The Upper East, formerly the Bacolod-Murcia Milling Company Complex, is Megaworld's township and industrial estate development in Bacolod city, situated in the 34-hectare land owned by the Araneta Group. While the Araneta Group planned it to be the "Araneta Center of the South", they inked a joint partnership with Megaworld Corporation to develop the inactive property.

==As BMAC==
The site was previously occupied by the milling infrastructure of the Bacolod-Murcia Milling Company, which includes railways, hauling facilities and a main sugar-processing plant. Railway coverage includes the nearby haciendas owned by the Gatuslao, Gonzaga, Lizares and Montelibano families. BMAC closed its doors in the early 1990s, after several complaints and exit by milling partners and the health hazard it poses on nearby residents. However, the Araneta Group maintained its Visayas office in the property.

==Megaworld development==
On March 19, 2015, Megaworld bared their plans in the developing the property as an urban township with a mall, residential condominiums, corporate facilities, as part of their expansion in the Visayas, with construction and development is currently ongoing.

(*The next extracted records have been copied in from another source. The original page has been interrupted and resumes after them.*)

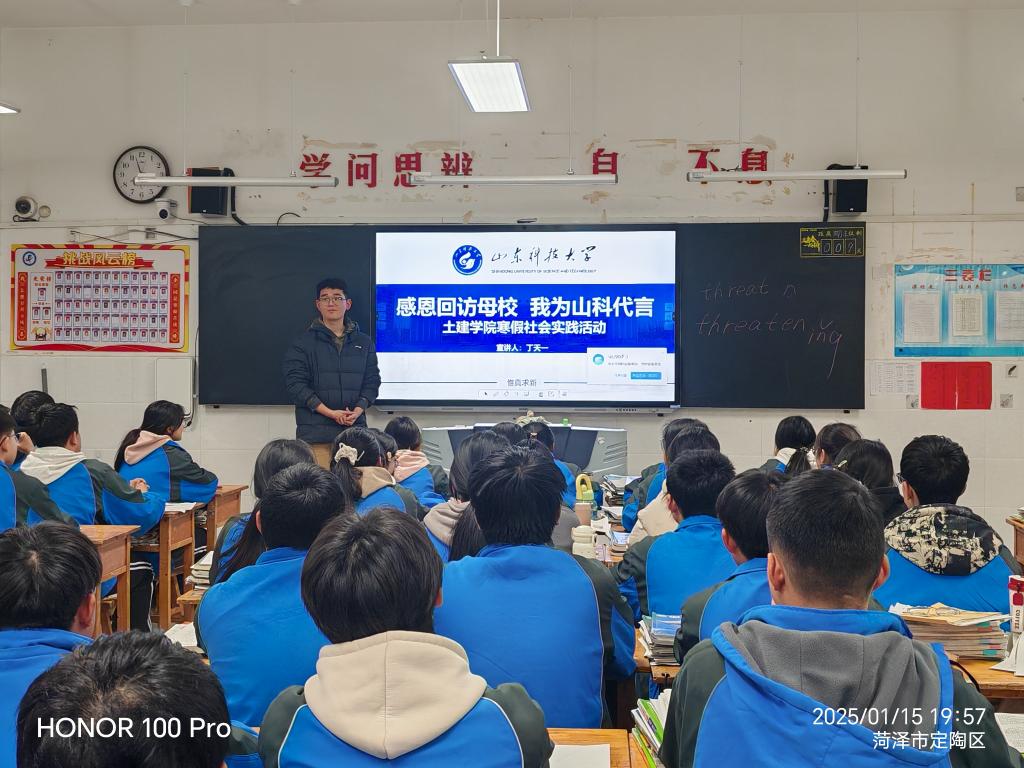 活动期间,同学们怀揣着对威尼斯5139手机版的热爱与自豪回到高中母校,迫不及待地向学弟学妹们宣传威尼斯5139手机版以及威尼斯5139手机版的相关情况。在济宁市泗水一中,来自威尼斯5139手机版土木工程专业2024级4班的孔明哲同学凭借精心准备的宣传资料,以及对威尼斯5139手机版及威尼斯5139手机版的了解,开展了一场别开生面的宣讲。在宣讲过程中,孔明哲同学首先通过精心制作的 PPT介绍了威尼斯5139手机版概况,从悠久的历史底蕴到如今的蓬勃发展,从学科的专业设置到雄厚的师资力量,从卓越的科研成果到丰富多彩的大学生活,每一个细节都饱含着对山科的深情。他着重介绍了威尼斯5139手机版的特色专业,以自己所学的土木工程专业为例,分享了专业课程设置、实践教学环节以及未来的就业前景。
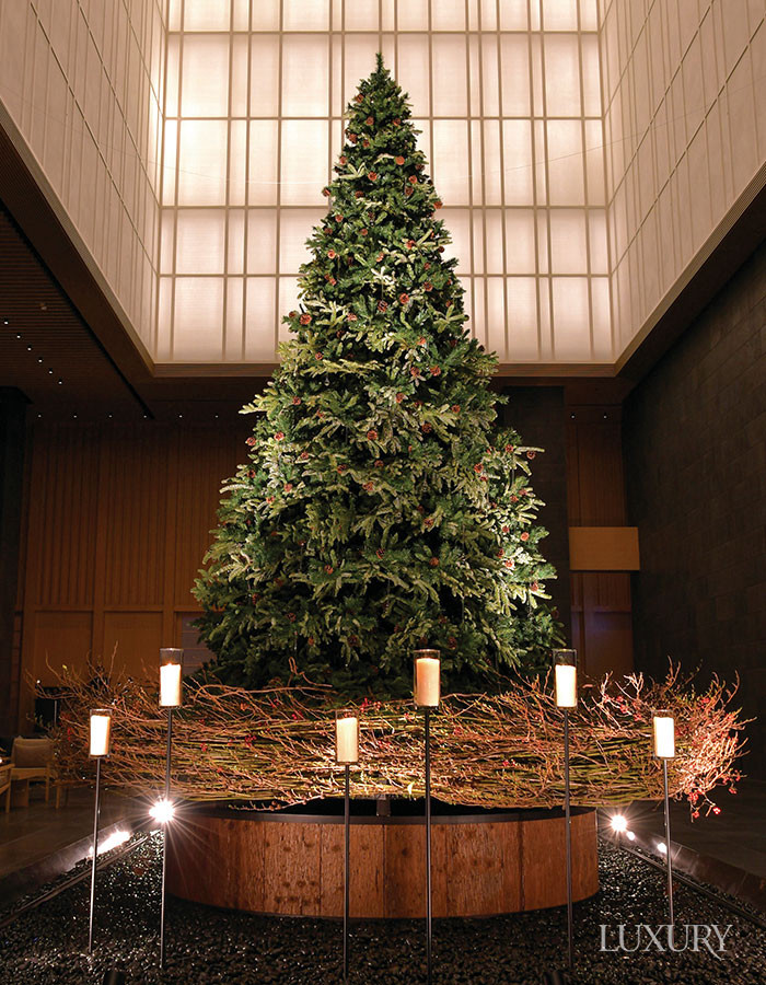 일본 전통건축 양식의 로비에 고요한 분위기를 더하는 5.3m 높이의 트리를 세운 아만 도쿄.
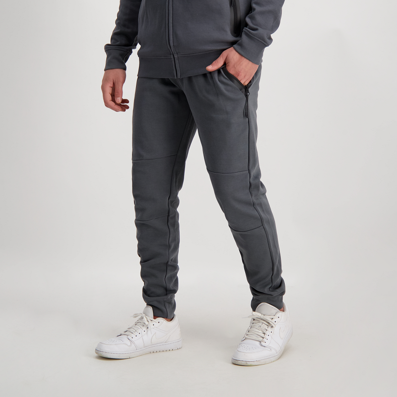 Moške športne trenirka hlače, z gumirano zadrgo na žepih, patentom na hlačnici.Sestava: 78% bombaž, 22% poliesterBarva: siva
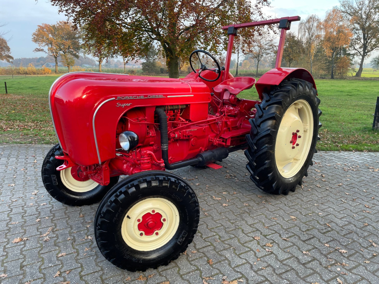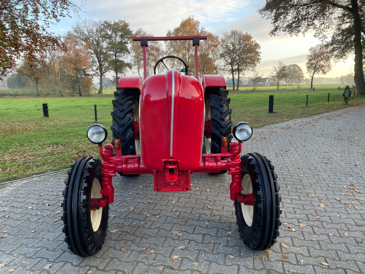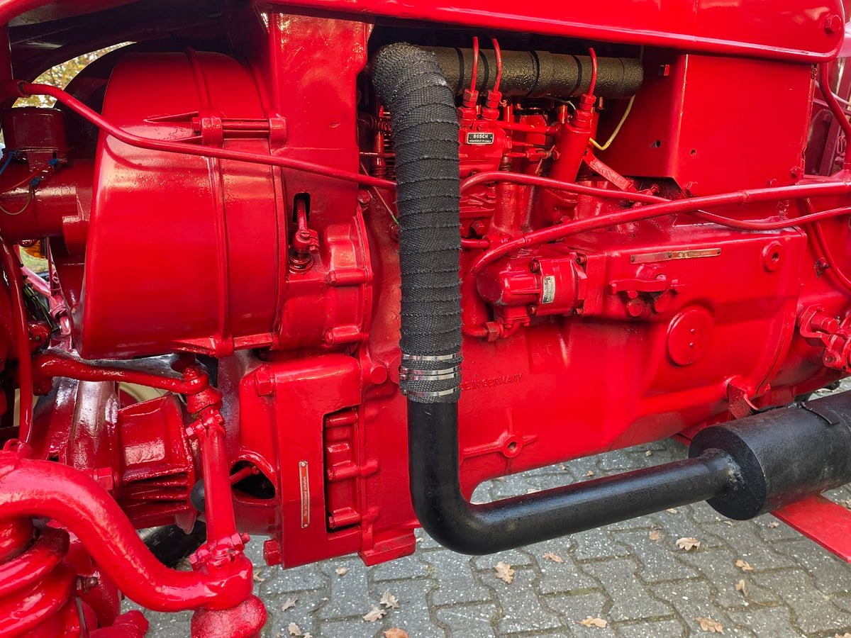 Редкият трактор Porsche 308N Super LWB блести в червено и с трицилиндров двигател
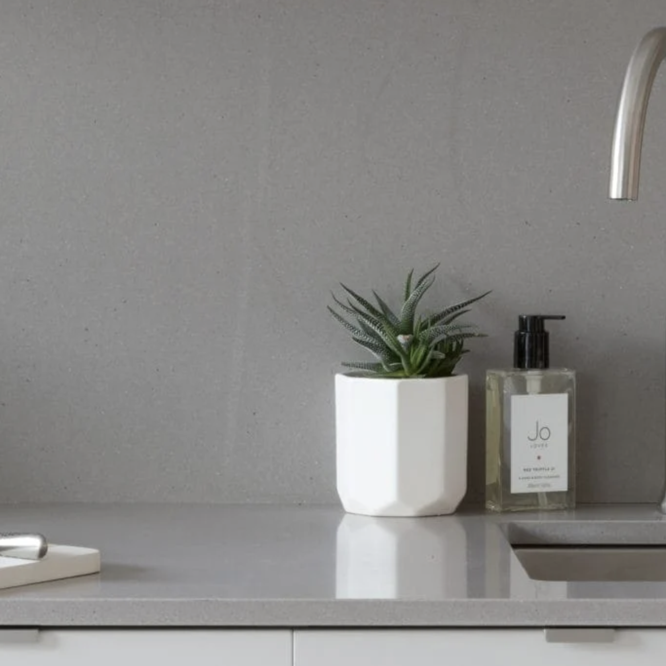 With its minimalist design and cool-toned base colour, this stylish surface will blend seamlessly into any environment. For a eye-catching look pair with bright, bold appliances, or team with exposed brick work or stainless steel for that industrial twist.
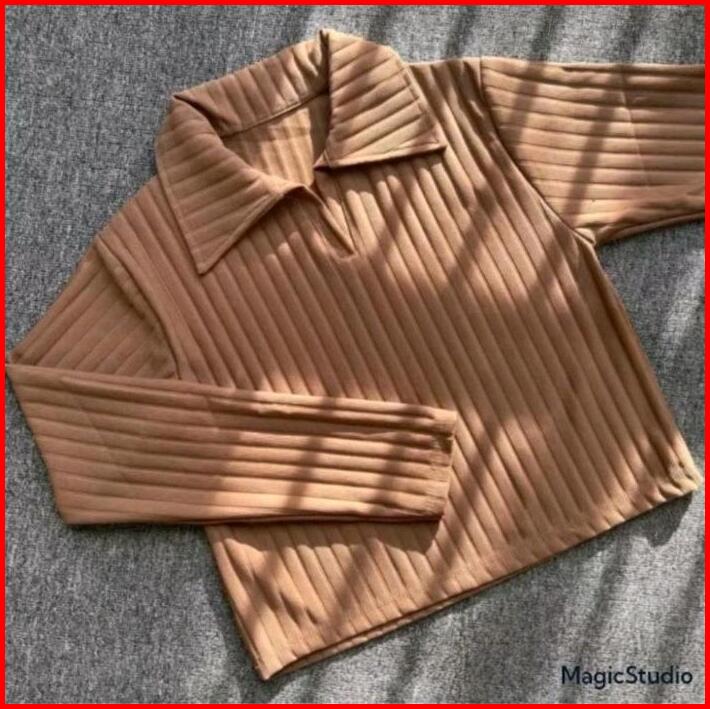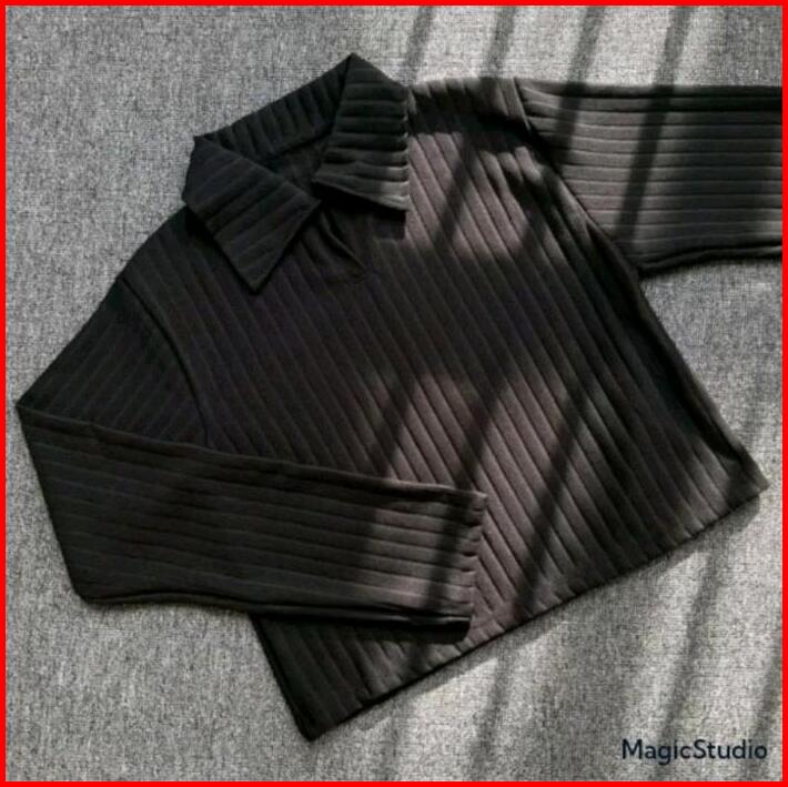 Baju Atasan Knit Hornets Crop Lengan Panjang Wanita Masakini Santai Kerah Lembut Nyaman Top Knitwear Sweater Cardigan Ga
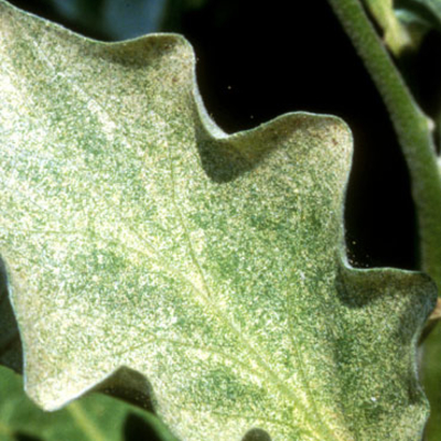 • White speckles, leading to yellowish bleaching of leaves with profuse webbing on the under surface.

Along with the sister project Northhill, along the boundary of Bacolod and Talisay, Megaworld will invest P35 million for the next 10 years. Upper East is expected to generate up to 250,000 direct and indirect jobs in BPO, construction, transportation, commercial and retail businesses, and envisioned to be the next premier business district of the city.

The development includes the Upper East Mall, a 24200 m2 3-level mall, aimed to be Bacolod's first green mall, featuring 4 cinemas, an open-air food hall with an indoor garden, solar panel roofing, energy efficiency features, and a 48-meter clock tower. With One Regis and Two Regis Condominium Projects.